The # of basis functions = the order of the system of basis functions, and it is one higher than the highest power (for the intercept).

library(fda) 
polygonal = create.polygonal.basis(argvals=seq(0,1,0.5))
print(polygonal)

## $call
## basisfd(type = type, rangeval = rangeval, nbasis = nbasis, params = argvals, 
##     dropind = dropind, quadvals = quadvals, values = values)
## 
## $type
## [1] "polyg"
## 
## $rangeval
## [1] 0 1
## 
## $nbasis
## [1] 3
## 
## $params
## [1] 0.0 0.5 1.0
## 
## $dropind
## NULL
## 
## $quadvals
## NULL
## 
## $values
## list()
## 
## $basisvalues
## list()
## 
## $names
## [1] "polygon1" "polygon2" "polygon3"
## 
## attr(,"class")
## [1] "basisfd"

plot(polygonal)

Polynomial/regression splines

-Polynomial splines are functions joined together smoothly at knots or breaks. The two outside knots define the range of the time intervals.

-Between two knots, a polynomial spline is a polynomial of fixed degree \(K_2\). But at an interior knot, two adjacent polynomials are required to match in the values of a fixed number of their derivatives, usually chosen to be \(K_2\)-1.

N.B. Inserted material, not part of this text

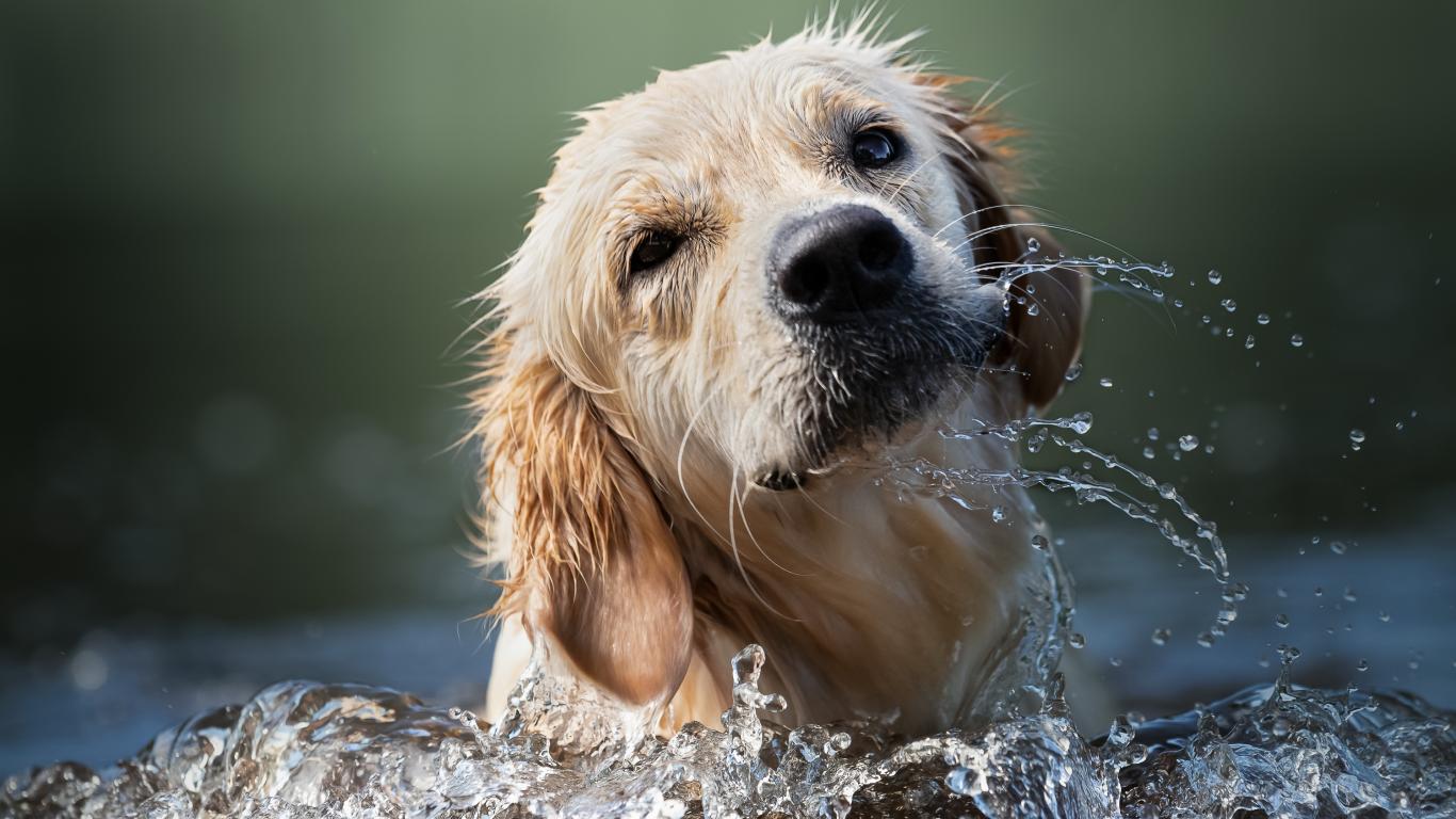 Wallpaper Golden retriever bathes in the water

Example: –A spline of degree 0 is a constant (a step function) that is discontinuous at knots. –A spline of degree 1 is a polygonal (i.e., piecewise linear function) that has the same level (0 derivative) at the interior knot points. – A spline of degree 2 is piecewise quadratic with first derivative that matches at the interior knot points.
Degrees of freedom are equal to the number of coefficients to be estimated, that is, order (or highest power+1) + the number of interior knots.

Berkeley Growth Example

#Load the Berkeley growth data set and extract height data
data(growth)
help('growth')


#The function "search()" allows us to check the packages we have loaded.
search()

##  [1] ".GlobalEnv"        "package:fda"       "package:Matrix"   
##  [4] "package:splines"   "package:stats"     "package:graphics" 
##  [7] "package:grDevices" "package:utils"     "package:datasets" 
## [10] "package:methods"   "Autoloads"         "package:base"

#:: specifies that we want to use the matplot function from the fda package
with(growth, fda::matplot(age, hgtf[, 1:10], type="b"))

#Number of subjects you want to show in plots. 
#Note that the fda library requires that each
#participant's data occupies a separate column.
#So all participants in the data set have the
#same number of measurement occasions (number
#of rows).
n = dim(growth$hgtf)[2]

#Ages
age =  c(seq(1, 2, 0.25), seq(3, 8, 1), seq(8.5, 18, 0.5))

#  Range of observations
rng =  c(1,18)

#Height of female participants
heightmat = growth$hgtf

#Set up polygonal basis functions with a single interior knot at age 14
polygonal <- create.polygonal.basis(argvals=c(0,14,18))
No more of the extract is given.